In a unanimous vote with President Michael Coffey, D-At Large, abstaining, the council approved the Spring 2007 Proposed Plan Modification to the Wall Street Redevelopment Plan Summer 2004.
According to Planning Committee Chairman Matthew Miklave, D-At Large, the modification serves to reverse a measure included in the Wall Street redevelopment plan that was approved in 2004 and authorized the Norwalk Redevelopment Agency to exercise the power of eminent domain on a list of 20 to 30 properties. The modification also makes the procedure for the use of eminent domain in the Wall Street project consistent with the procedure in the West Avenue Corridor Redevelopment Project.

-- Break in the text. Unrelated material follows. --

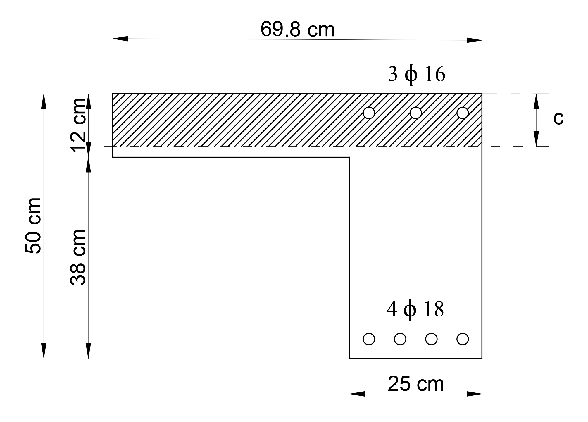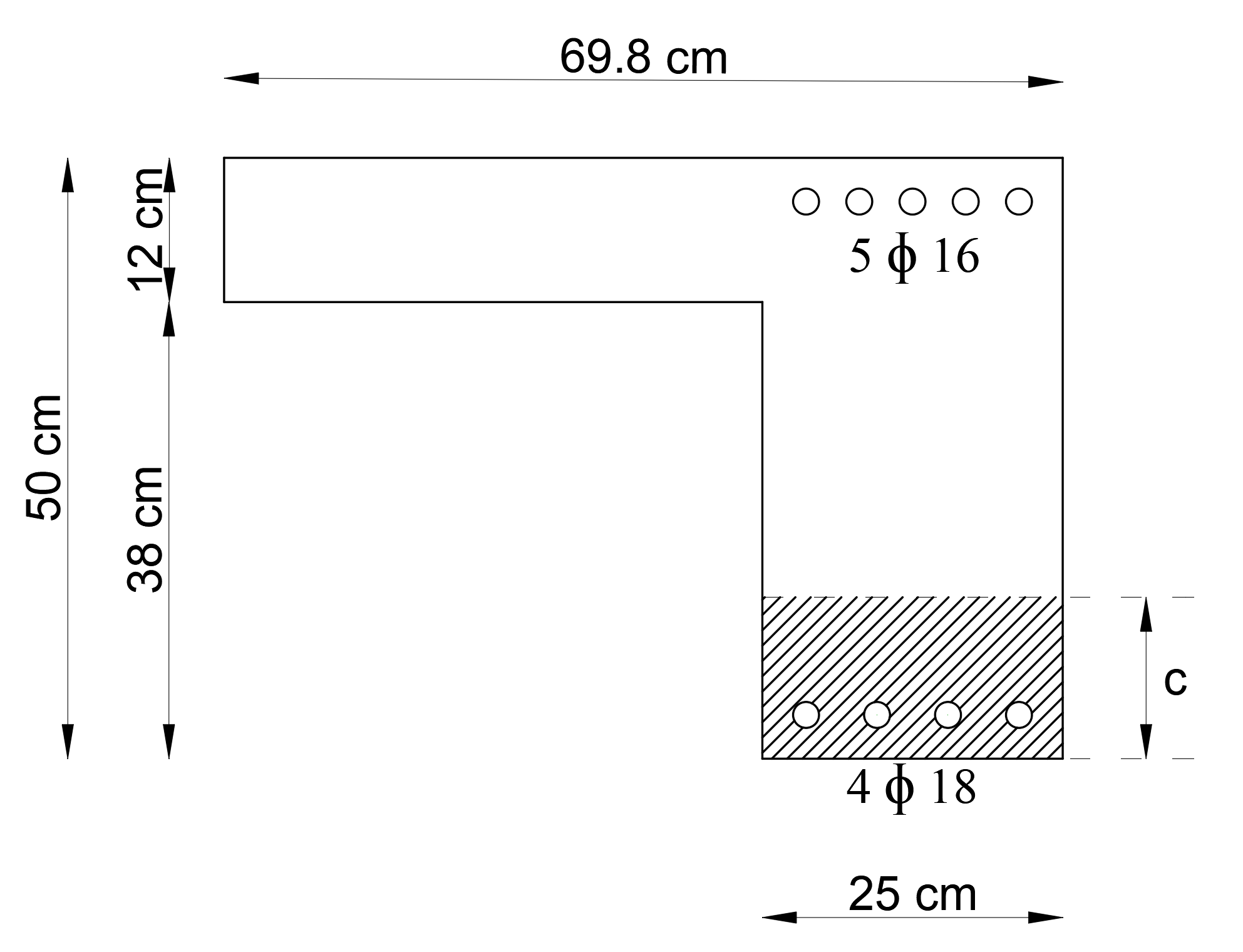 In the calculation of the moment of inertia of the cracked section, the compression zone of the section and the reinforcement placement are taken into account. The figure below shows the right end region for the opening region and the concrete compression region and reinforcement placement.

With the modification, the council will discuss and vote on the use of eminent domain for each parcel being considered before granting the NRA the authority to seize it.
According to Miklave, the NRA proposed the modification for a number of reasons. Miklave said he and NRA Executive Director Timothy Sheehan had discussed the issue extensively and agreed that it was important for the city to be consistent with the way it approached eminent domain.
In addition, the previous version of the Wall Street plan required the NRA to exercise eminent domain on the parcels listed by July 2007, at which time it would lose its power to do so. However, said Miklave, "the implementation of the plan has not gone as quickly as the Redevelopment Agency or the council would have liked." Though the deadline is fast approaching, the NRA is not yet ready to seize those properties, he said.
During the public participation segment of the meeting, Ed Schmidt, the attorney representing several Wall Street property owners, argued that the city could not extend the deadline on the use of eminent domain without the consent of the property owners a consent that his clients are not willing to give.
State law dictates that the deadline may be extended if the NRA asks for an extension, the council approves it and the property owners consent, according to Miklave.
However, as Sheehan explained at the meeting, modifying the plan serves to restart the process, thus allowing the council to set a new deadline on the use of eminent domain. The amended plan has had to go through the Planning Commission, NRA and Planning Committee for comment as well as through a series of public hearings.
On Wednesday, Miklave said, "I'm pleased we're moving forward. We still have a long way to go. It's a very exiting time in our city, and we look for further public participation in making these very important decisions. At the end of the day, we're going to transform our city in ways I think we're going to be very proud of in years to come."